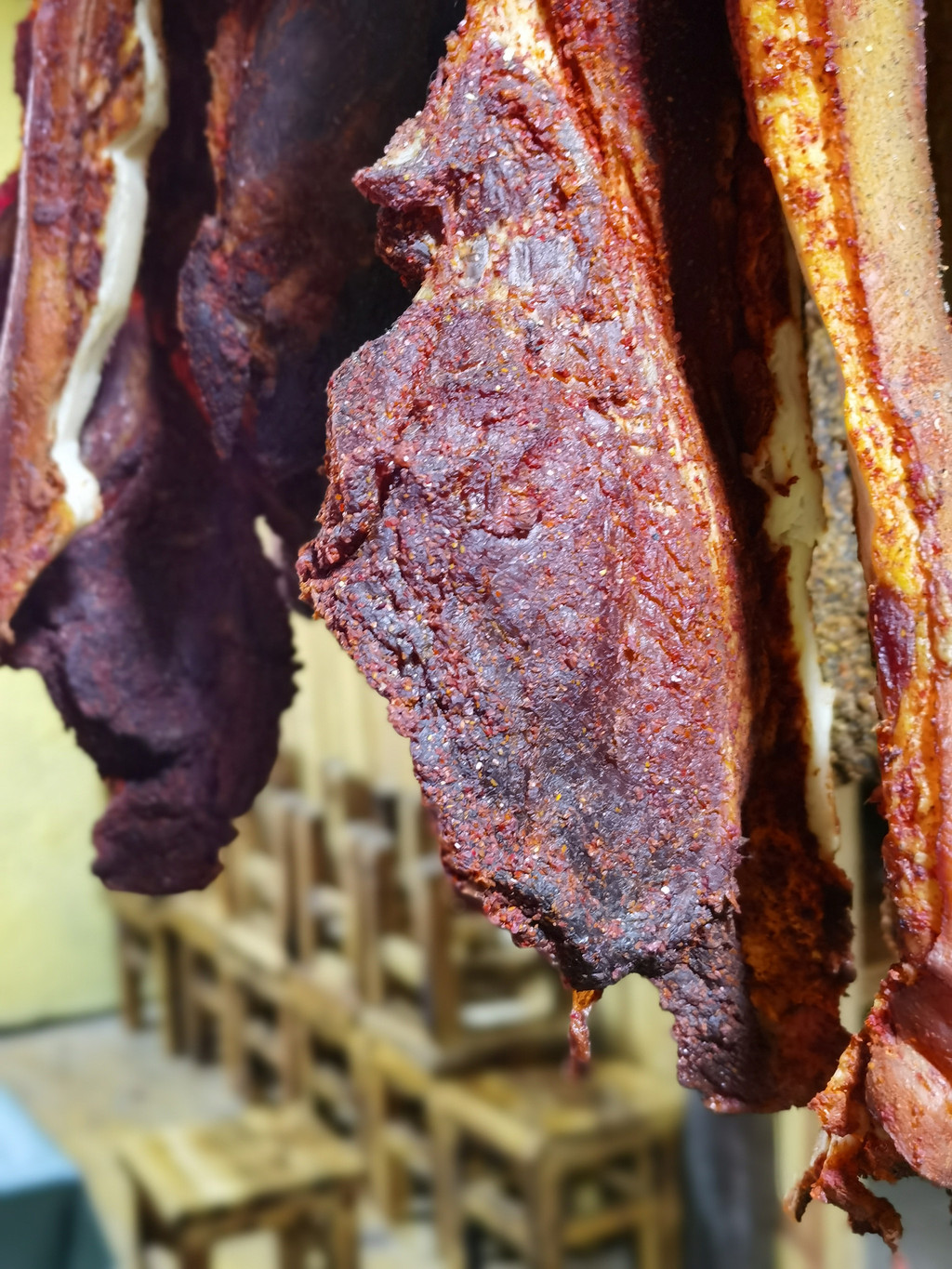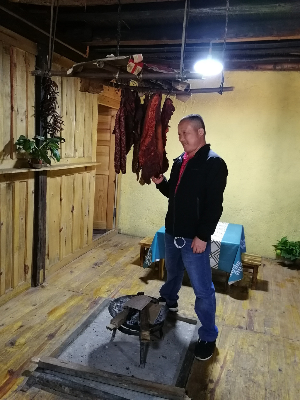 峡谷观景台上来,走进当地人家的民居餐馆,他村民用烟火熏制的腊肉。
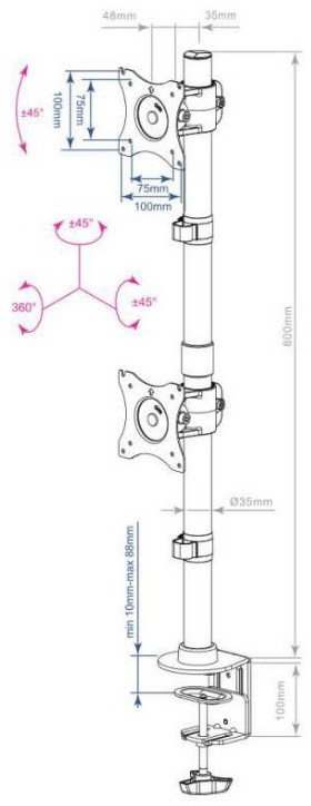 Настольный держатель для эргономичной регулировки положения 2 дисплеев с диагональю от 15 до 32 дюймов
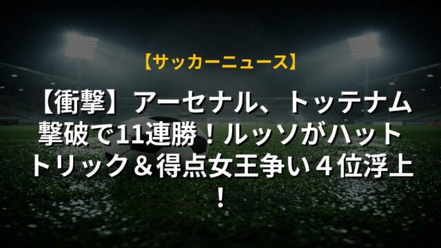 【衝撃】アーセナル、トッテナム撃破で11連勝!ルッソがハットトリック&得点女王争い4位浮上!

→ YOUR TASK: Pictures stay out; print everything else in the data exactly.

→ WRITTEN ANSWER:
 峡谷观景台上来,走进当地人家的民居餐馆,他村民用烟火熏制的腊肉。
 Настольный держатель для эргономичной регулировки положения 2 дисплеев с диагональю от 15 до 32 дюймов
 【衝撃】アーセナル、トッテナム撃破で11連勝!ルッソがハットトリック&得点女王争い4位浮上!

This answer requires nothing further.